The Framework of Lysine Metabolism
The lysine metabolic network can be divided into three main components: synthesis, degradation, and interaction networks. The synthesis pathway is exclusive to microorganisms and plants, encompassing the diaminopimelate (DAP) pathway and the α-ketoglutarate pathway. The degradation pathway includes the saccharopine pathway, predominant in the liver, and the pipecolate pathway, more active in brain tissue and cancer cells. The saccharopine pathway is the primary degradation route, where lysine and α-ketoglutarate are converted into saccharopine by the LKR/SDH enzyme complex, which is further broken down into glutamate and α-aminoadipate semialdehyde. The pipecolate pathway, a secondary route, converts lysine into pipecolic acid via lysine cyclase, ultimately producing acetyl-CoA. LM is intricately linked to glutamate metabolism, the tricarboxylic acid (TCA) cycle, and the urea cycle, forming a complex metabolic interaction network.
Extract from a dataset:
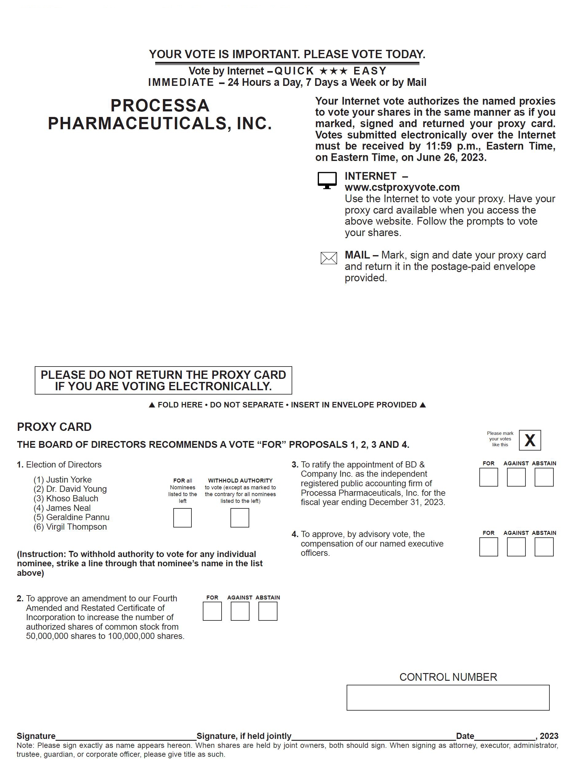 NOTICE HEREBY IS GIVEN that the 2023 Annual Meeting of Stockholders of Processa Pharmaceuticals, Inc. will be held at our corporate office located at 7380 Coca Cola Drive, Suite 106, Hanover, MD 21076 on Tuesday, June 27, 2023, beginning at 12:00 p.m., Eastern Time. The Annual Meeting will be held for the following purposes:

The impact of lysine metabolism on the liver and kidneys
LM significantly impacts liver and kidney function. The liver serves as the central hub for LM, with mitochondria highly expressing the LKR/SDH enzyme complex, processing approximately 70% of dietary lysine. Through the TCA cycle, each lysine molecule can generate 15 ATP molecules, providing energy for liver cells. The liver also eliminates excess lysine, preventing hyperlysinemia. The kidneys play a regulatory role in LM, with proximal tubular cells absorbing 98% of filtered lysine through the SLC7A9/SLC3A1 transporter to maintain lysine balance. Ammonium ions (NH4+) produced during LM contribute to urine acidification and acid-base balance regulation. The kidneys also adjust lysine metabolic flux in response to insulin and glucagon signals. The liver and kidneys collaborate through the liver-kidney axis, with metabolic intermediates produced by the liver, such as α-aminoadipic acid, further processed by the kidneys. This collaboration ensures the dynamic distribution of lysine and its metabolites across organs, maintaining overall metabolic homeostasis.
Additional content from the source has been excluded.